Стоя перед моей постелью, она выжидающе смотрела на меня. Я пригласил ее присесть, надеясь, что запахи любовной сцены выветрились и она ничего не почувствует. Юлия юркнула под одеяло.
– Они очень громко ругаются, обычно так не бывает.
– Родители иногда ссорятся, бывает, потише, бывает, погромче.
– Но…
Я понял, что ей хотелось бы услышать, из-за чего могут спорить родители, лишь бы причины не были такими, из-за которых для нее мог бы нарушиться порядок вещей, но мне не хотелось чересчур смягчать возможный конфликт между родителями, поскольку я не знал, насколько он был серьезен.
– Знаешь, историю про овечек?
– Которые прыгают через ограду и которых надо считать, чтобы заснуть?
– Нет, другую.

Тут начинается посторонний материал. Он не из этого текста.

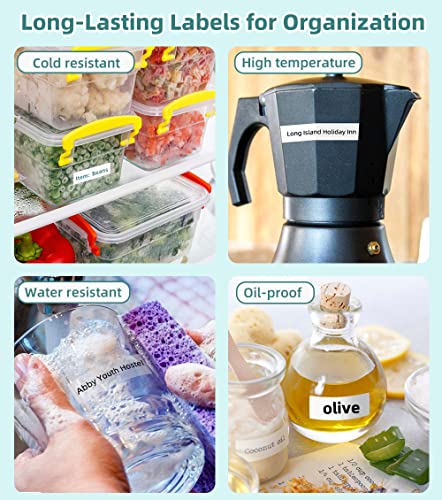 Supporta etichette realizzate con diversi materiali - La stampante per etichette Phomemo P12 può stampare non solo etichette di carta e plastica, ma anche etichette a trasferimento termico in più di 18 colori per interni ed esterni. Sono supportati anche materiali speciali come etichette in tessuto. Questa stampante per etichette con nastro adesivo è perfetta per la vendita al dettaglio e la casa.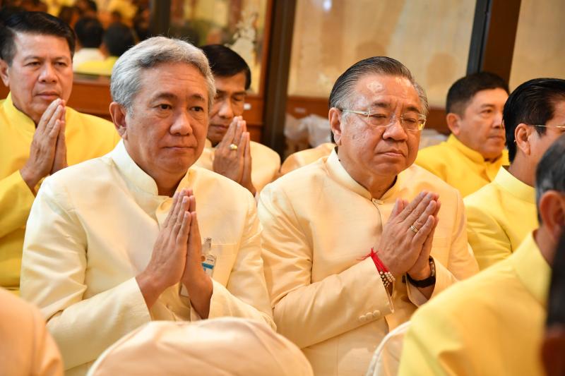 ในพิธีถวายภัตตาหารเช้า ร่วมกับสมาชิกสภานิติบัญญัติแห่งชาติในพิธีบำเพ็ญกุศลเพื่อถวายเป็น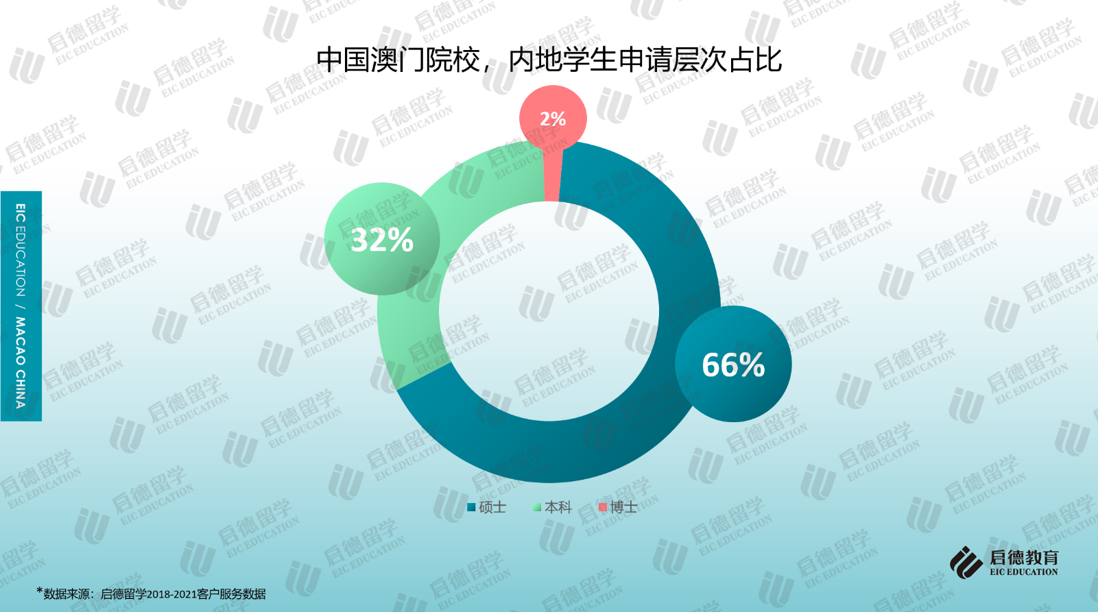 啟德留學(xué)2018-2021客戶服務(wù)數(shù)據(jù)顯示,前往澳門求學(xué)的內(nèi)地學(xué)生選擇攻讀碩士的比例較高,且申請(qǐng)量呈現(xiàn)逐年小幅上升的趨勢(shì),2021年為66%;攻讀本科的占比超過30%,除高考生外,今年也開始有參加國際考試的內(nèi)地學(xué)生申請(qǐng)澳門的高校。QS官網(wǎng)2021年數(shù)據(jù)顯示,澳門大學(xué)非本地生(3921人)中研究生與本科生的占比分別為55%與45%;澳門科技大學(xué)非本地生(8869人)中,研究生與本科生的占比分別為32%與68%。
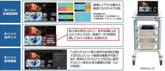 - スムーズな動画編集: 記録システムの端末から編集用の端末へ簡単にデータ転送でき、専用の編集ソフトウェア「OPeDrive VE」を用いれば、手術動画の効率的な編集が可能に。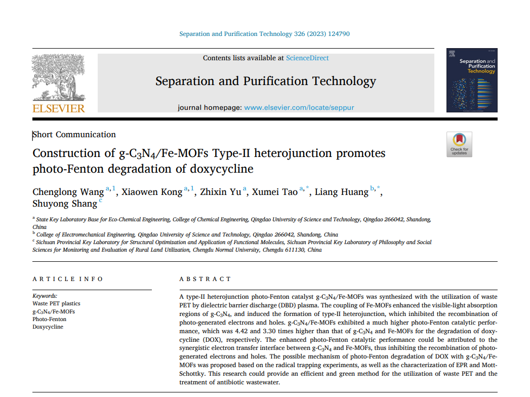 化工学院陶旭梅教授团队在废塑料资源化用于光芬顿领域取得新进展,相关成果以“Construction of g-C3N4/Fe-MOFs Type-II heterojunction promotes photo-Fenton degradation of doxycycline”为题发表在国际知名期刊《Separation and Purification Technology》(影响因子8.6,中科院1区),共同第一作者为2020级硕士王成龙和2021级硕士孔晓文,通讯作者为陶旭梅与黄亮老师。万象城allwincity官网为第一作者及唯一通讯作者单位。论文DOI链接为https://doi.org/10.1016/j.seppur.2023.124790。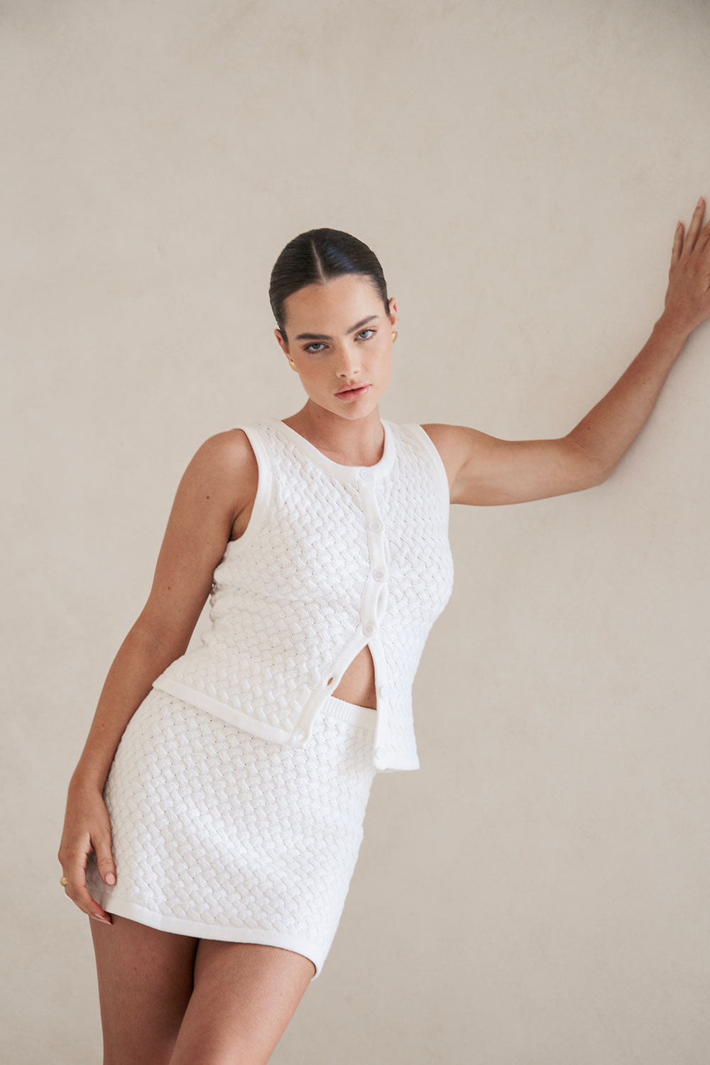 The vintage inspired Avalon Top is made from a natural cotton basket knit fabric in an off white hue. It is a fitted style featuring buttons at centre front and ribbed trims. Wear it as a set with the Avalon Skirt and high boots or style it back with jeans! Designed exclusively by Sabo.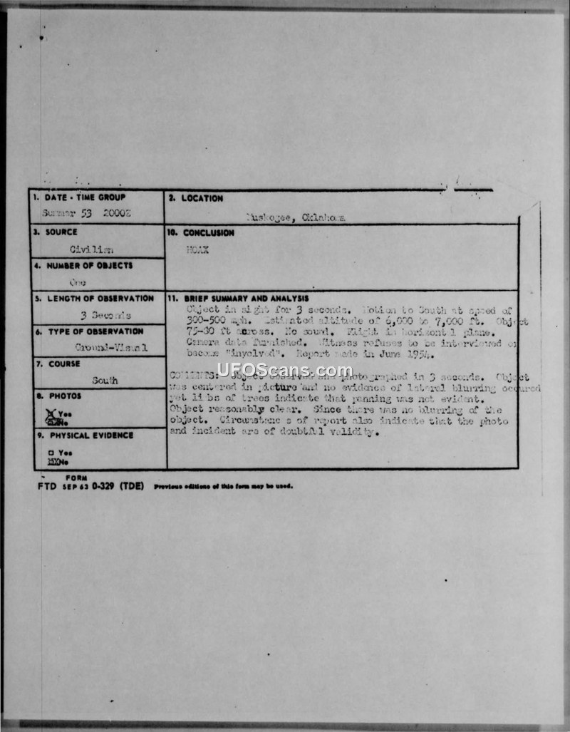 A 1953 sighting of an object in Muskogee, Oklahoma, was reported by a postal employee who provided a photograph. The Air Force investigation concluded the incident was a hoax.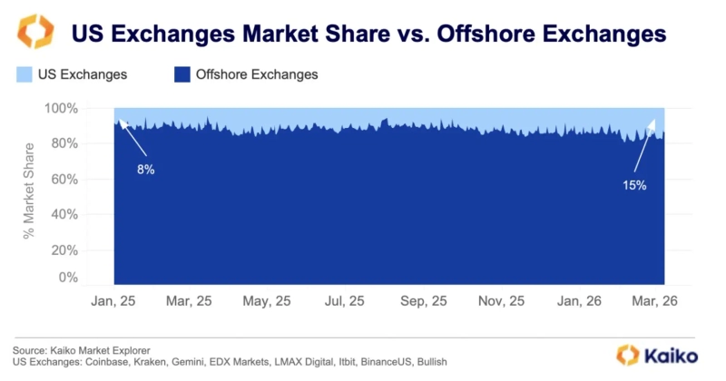 실제로 미국 가상자산 시장의 점유율 확대 흐름도 나타나고 있다. 가상자산 분석업체 카이코는 "미국 거래소의 현물 시장 점유율이 지난 1년 만에 8%에서 15%로 확대됐다"며 "미국 내 비트코인 유동성도 외국 거래소 대비 더 깊고 빠르게 성장하고 있다"고 분석했다.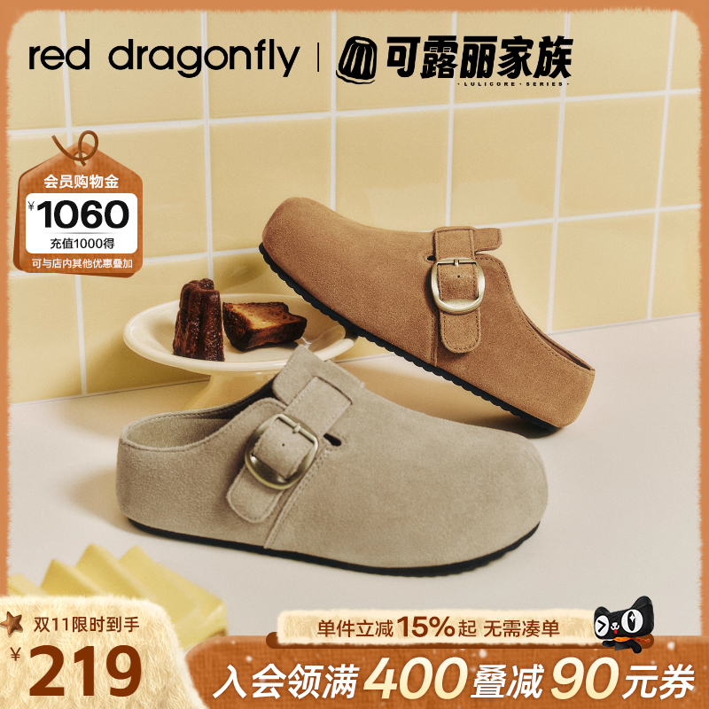 红蜻蜓厚底勃肯鞋女半拖2025秋季新款外穿一脚蹬软底增高穆勒拖鞋

Там тоже есть ограда, но калитка открыта, и овечек считать не надо. Рассказать?
Она кивнула с такой готовностью, что я разглядел это даже в темноте. Теперь и я расслышал голоса Свена и Паулы, хотя между нами был длинный коридор да еще поворот за угол, где находилась родительская спальня и комната Юлии. Голоса едва доносились, но мне хватило и этого, чтобы задаться вопросом, не стоит ли одеться и потихоньку убраться отсюда, чтобы никогда больше не появляться в этом доме. Я злился на Свена и Паулу, не умеющих справиться с семейными проблемами, на Паулу, которая, втянув меня в историю, бросила, на Юлию, которой я должен заниматься, будто у меня нет своих забот. А еще я злился на себя за то, что натворил в моих отношениях со Свеном, за то, что слишком близко допустил к себе Паулу.
– Не будешь рассказывать?
– Буду. Дело происходило в одном краю, где высокие-высокие горы. На самой вершине горы – только снег и лед, а пониже скалы и осыпи, еще ниже – луга и уж только потом густые леса. Перед самыми высокими горами находятся другие, поменьше, а на самых маленьких горах растет трава, такая же бурая, как на равнине, которая начинается там, где кончаются горы, и простирается она до самого горизонта, даже еще дальше, куда уже не хватает взгляда. Ты слушаешь?
– Да, только я все равно слышу, как папа с мамой ругаются.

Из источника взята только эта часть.